Where are our heroes? Where are our role models? Why are we leaving youth behind and laughing at the ones who are still there? Why not help each other out instead? with a little grace. with a little compassion. Love for all and everyone around because we’re all stumbling or succeeding back and forth, every day, and I want more community. I want helpers and guidance. Am I helping someone? I don’t know, but since the tender age of eighteen I have written down my stories and experiences of love and loss and youth, just so these stories can exist in the world. For someone out there to find and read and feel a voice in my words saying, “I’ve been there, I’ve done this, you can too: come, follow me.” Have you ever lost something by teaching what you know, and learning what you don’t know? Have you ever lost something by helping someone in need, or letting someone help you while in need? Have you lost something by loving? In comparison, how much have you lost by meeting someone with ignorance and hate? Love. I will choose love. And I’m scared and shy, of everyone and everything, to make a fool of myself; to be laughed at; to not be what people would like me to be. But I will choose love because that’s the sort of person I want to be.
But I was young and didn’t know better and someone should have told me to capture every second every kiss & every night Because now I’m sitting here alone and it’s getting really hard to breath because tears are growing in my throat and they want to break out, but there are people watching and I just want to be somewhere silent somewhere still But still I don’t want to be alone because I’m scared and lonely and I don’t understand Because I was alone my whole life My whole life I was so damn lonely and I was content with that because I liked myself and my own company and I didn’t need anyone I thought But then there was you .. ... So, someone should have told me that love is for those few brave who can handle the unbearable emptiness, the unbearable guilt and lack of oneself, Because I lost myself to someone I love and I might get myself back one day but it will take time, it will take time. This is gonna take some time. I wish someone would have told me this. Someone should have told me this.
I haven’t been very impressed lately. By people, or places, or the way someone said he loved me and then slowly changed his mind.
It's 4am again and I'm just getting started. People are boring and I want to burn with excitement or anger and bleed, bleed through my words. I want to get all fucked up and write real and raw and ugly and beautifully. I bet you're sleeping safe and calm, and you can stay there, it's safer there, and you wouldn't stand one night on this journey my mind wanders off to every night you close your eyes. I'll stay here one day and I will never come down. I promise I can fly before I hit the ground. It doesn't even hurt anymore. I swear, it doesn't hurt.

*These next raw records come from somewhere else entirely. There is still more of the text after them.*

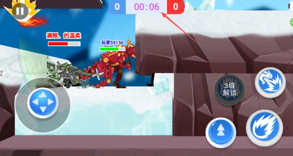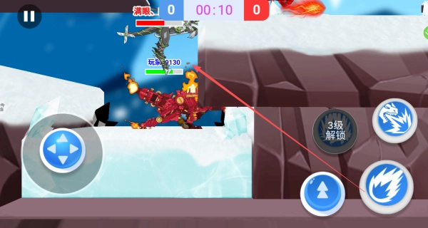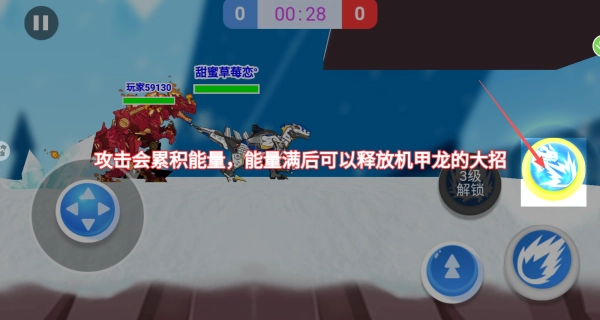 1、通过左侧方向键控制机甲恐龙移动,主动靠近其他机甲角色展开激烈对决。
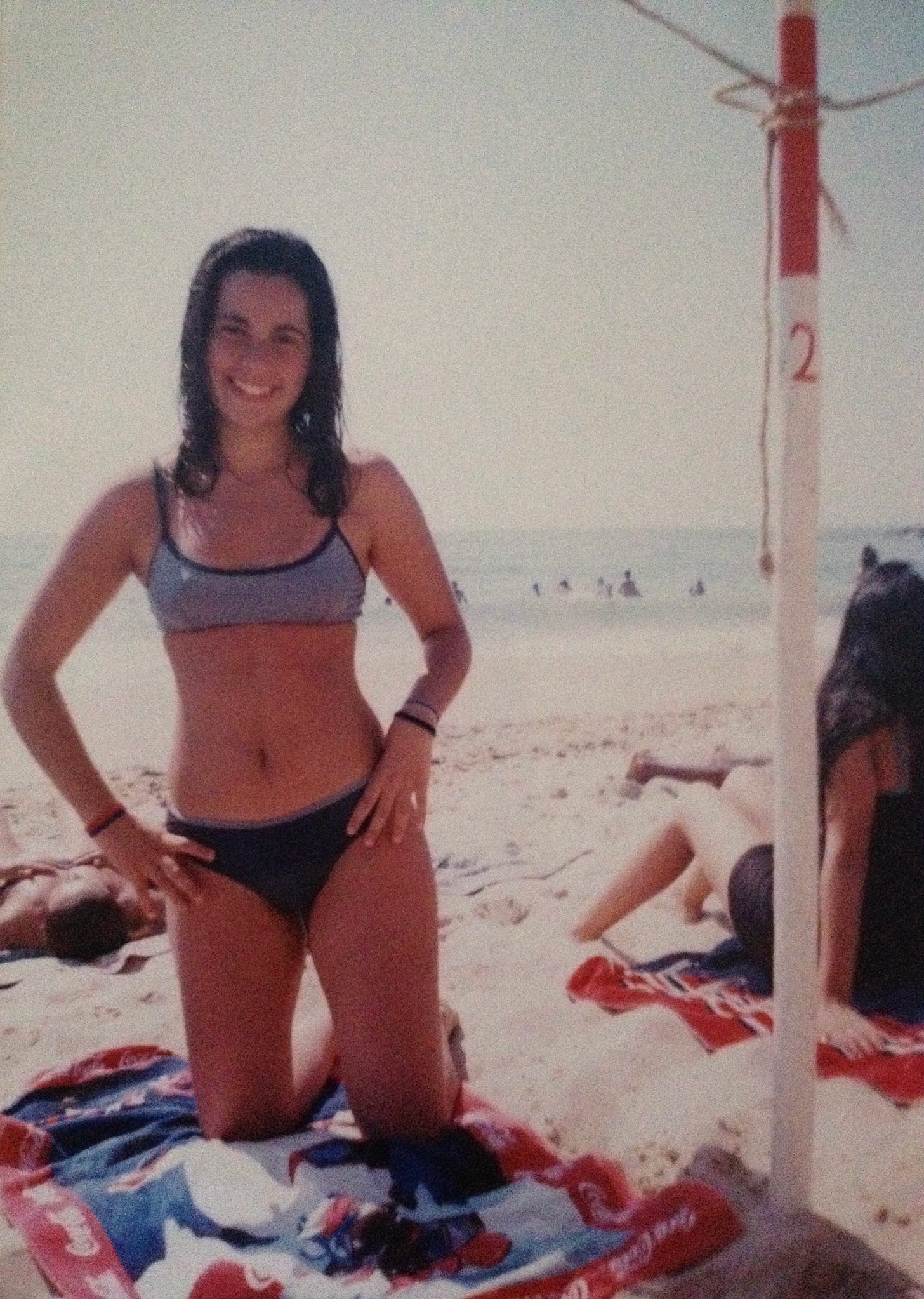 Aqui nesta foto devia ter uns 14 anos ou 15 anos, desconfortável de biquini embora esteja a fingir bem, e as dietas e o controlo já começavam a cansar. Aos 16 não aguento mais a restrição e ganho o início de uma compulsão alimentar. Mas isso fica para outro episódio.
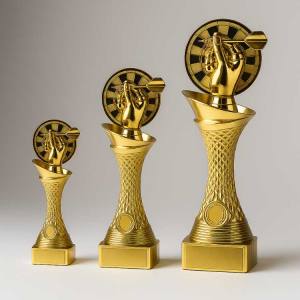 • Designs: Die Designs reichen von klassischen Pokalformen über moderne, abstrakte Kreationen bis hin zu spezifischen Dart-Motiven. Einige Pokale verfügen über Zusatzelemente wie Dartpfeile oder Zielscheiben, die das Thema Darts besonders hervorheben.
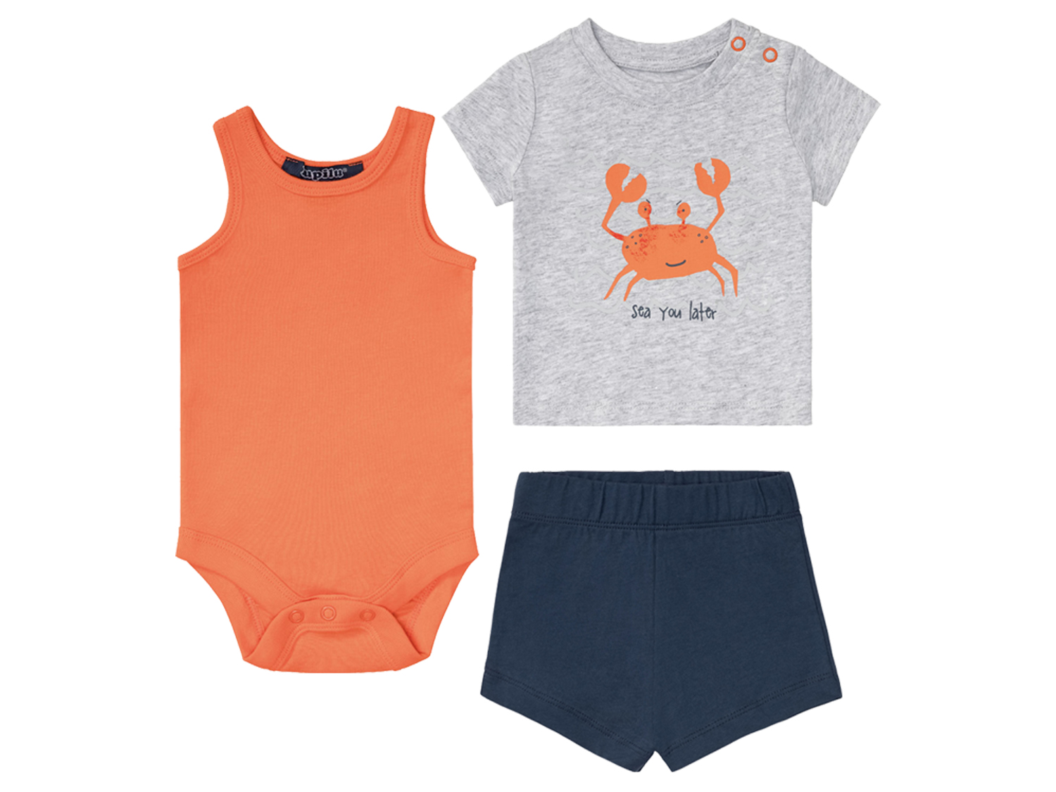 Set van body, shirt en short Natuurlijk draagcomfort door zuivere bio-katoen Body met drukknopen in het kruis voor gemakkelijk uittrekken Shirt met praktische schouderknoopsluiting Body en shirt met ronde hals Short met elastische tailleband 3-delig Verkijgbaar in 2 verschillende sets: Grijs/oranje/donkerblauw Wit/geel/donkerblauw Materiaal 100% katoen Onderhoudsinstructies Wassen op max. 60 °C Niet bleken Voorzichtig drogen in de wasdroger op max. 60°C Strijken tot 150 °C (stand 2). Stoomstrijkijzer kan gebruikt worden Niet chemisch reinigen Maten 50/56 – 86/92
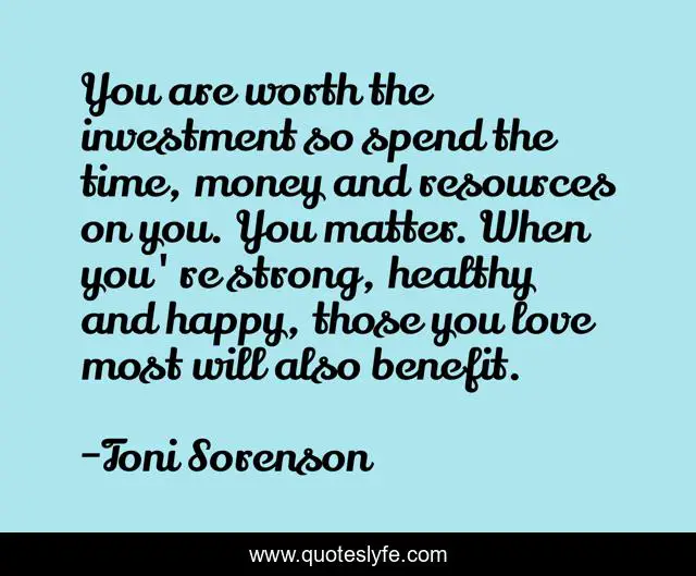 This page presents the quote "You are worth the investment so spend the time, money and resources on you. You matter. When you're strong, healthy and happy, those you love most will also benefit.". Author of this quote is Toni Sorenson. This quote is about life, love, affection, self-worth,.
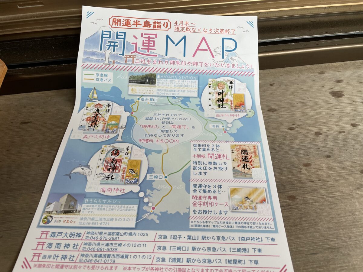 三浦半島は、神奈川県南東部にある半島です。都心からのアクセスがよく、日帰りでも豊富な自然と歴史的文化を楽しむことができます。また、新鮮な海産物や農産物、ご当地グルメなども楽しめる人気スポットです。そんな三浦半島にある神社三社で2021年4月29日(祝)から「開運半島詣り」が始まりました!三社は、横須賀市浦賀にある「西岸叶神社」・三浦市三崎にある「海南神社」・葉山町にある「森戸大明神」。この三社はいずれも「龍神」をお祀りしており、今回「龍神」をあしらった特別御朱印・開運守が頒布され、三社全て揃うと各社にて開運祈祷をした木製紙の開運札や開運守専用の金字刻印ケースがいただけます。期間限定、数量限定の開運詣り。今回、4月29日の初日に開運詣りをしてきましたので、レポートでお知らせいたします!
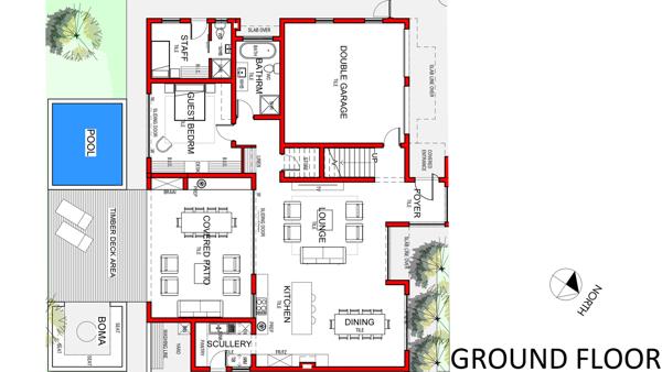 This well-balanced family home offers a combination of modern design, practical layout, and exceptional entertainment features. With a PJ lounge, multiple balconies, staff accommodation, and a beautifully designed outdoor area including a timber deck, pool, and BOMA, it presents an excellent opportunity for comfortable family living within a secure lifestyle estate.
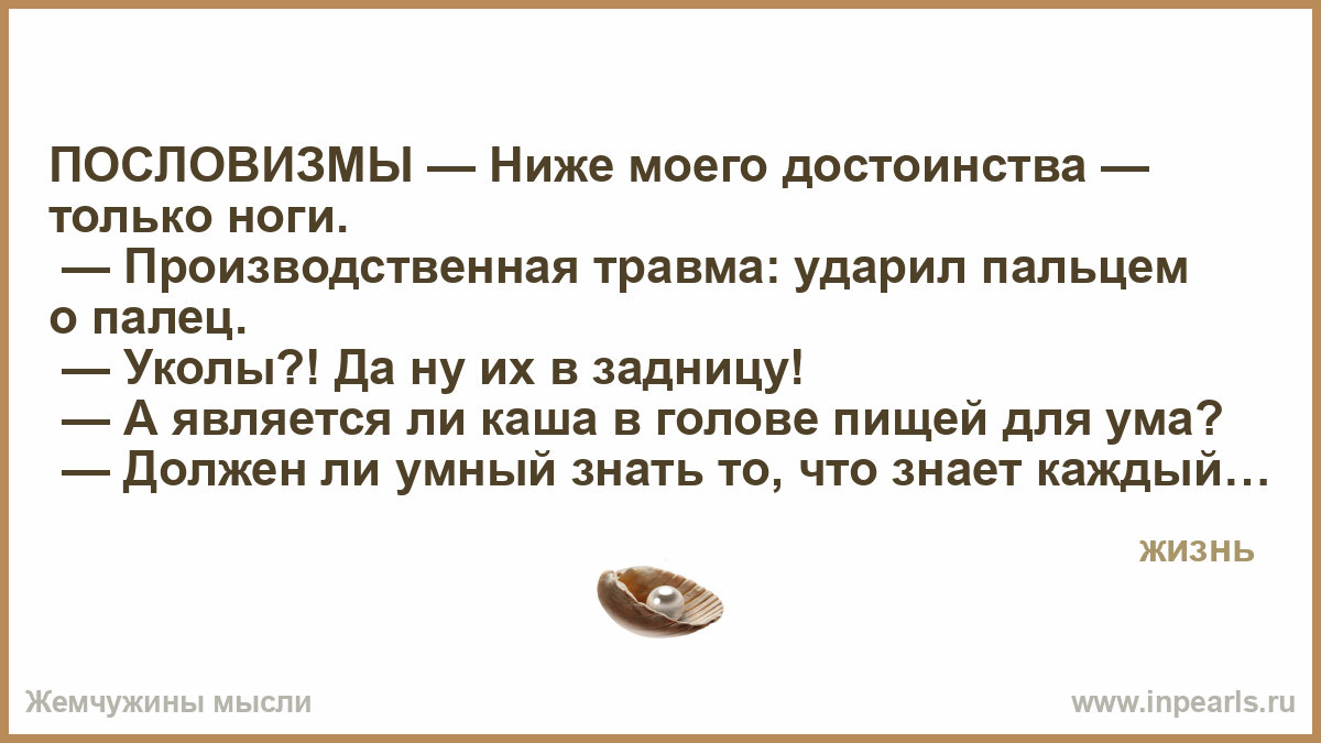 ПОСЛОВИЗМЫ — Ниже моего достоинства — только ноги.

You read and write and sing and experience, thinking that one day these things will build the character you admire to live as. You love and lose and bleed best you can, to the extreme, hoping that one day the world will read you like the poem you want to be.
I am a worried person with a stressed-out soul, living a simple life with no capital. I am gathering knowledge in every corner I can with the abilities I have. I'm reading philosophy, politics, history and fiction. Greek tragedies and the arctic waste. I'm studying psychology, economics, plant-based nutrition and I'm writing essays and manifestos, chasing bigger names with bigger frames, to ask a question or two, and I am learning to lead. I am reading to take the lead. Lead who? Myself. My own life. My own future. I'm not chasing you, or them, or anyone else; I am chasing me.